When Dorothy and her friends finally reach the hall of the Great and Powerful Oz, Toto uncovers the truth behind the curtain, as there stands a flustered man trying his best to give the illusion that Oz is in control and capable of solving their individual problems ~ a trip home, a heart, a brain and courage. As the well-known story draws to a conclusion, the reader/audience joins Dorothy in her discovery that she had the answer all along and that with each obstacle that she encountered in her journey, she not only became more determined for herself, but she started to feel responsible for the dreams of the Scarecrow, Tinman and Lion.

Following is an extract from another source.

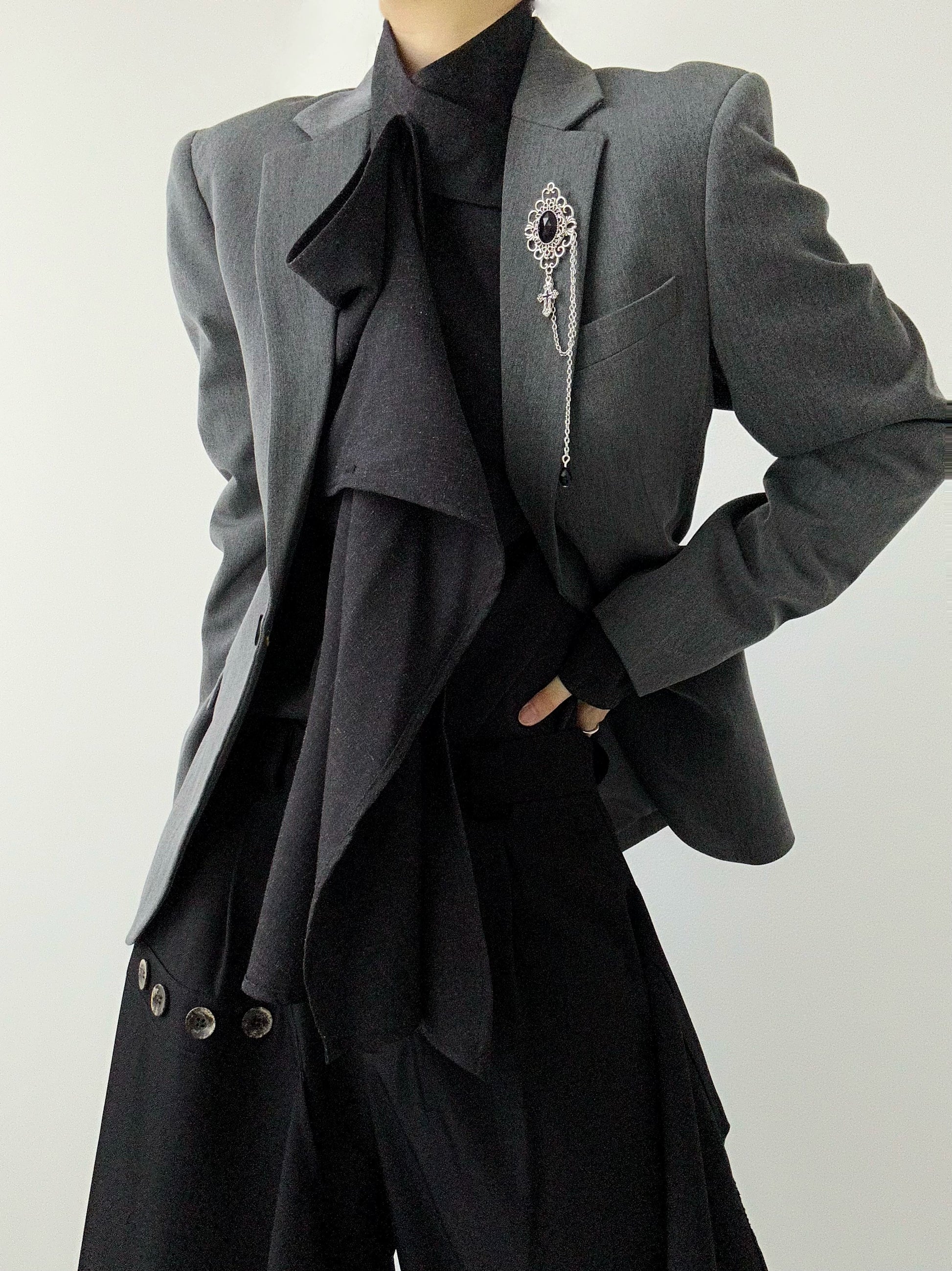 程よいハリと落ち感のある生地で、身体のラインをきれいに見せる修身シルエット。男女中性スタイルで、フォーマルにもストリートにも馴染む1枚です。

Sometimes I wonder if we think of our learning organization as the Great and Powerful Oz. Someone/something with the power to show us the answers, lead the way home, provide us with the courage to take the next step and the brainpower to make the right decisions. We do our best to follow the instructions with the hopes of the answers magically appearing. But the reality is that student learning is complex and the components that lead to improved student learning can not be simplified into a “one size fits all” recipe. There is no Great and Powerful Oz with all of the answers, but just like Dorothy and her friends, the answers are within us. As educators, we know what we need to do ~ but the challenge is having the heart and courage to do it. Ensuring that students are learning is hard work. It’s much harder than just imparting knowledge. We need to work our way through various obstacles and gain a deeper empathy for others who are also on this learning journey with us.
Clicking our heels three times, may not get us to where we want to be ~ but believing in ourselves as educators, knowing that what we do (when it’s done intentionally and based in sound pedagogy) will have a positive impact on a student and acknowledging the challenges of others as they make their way on their own journey will get us much closer to the where we need to be.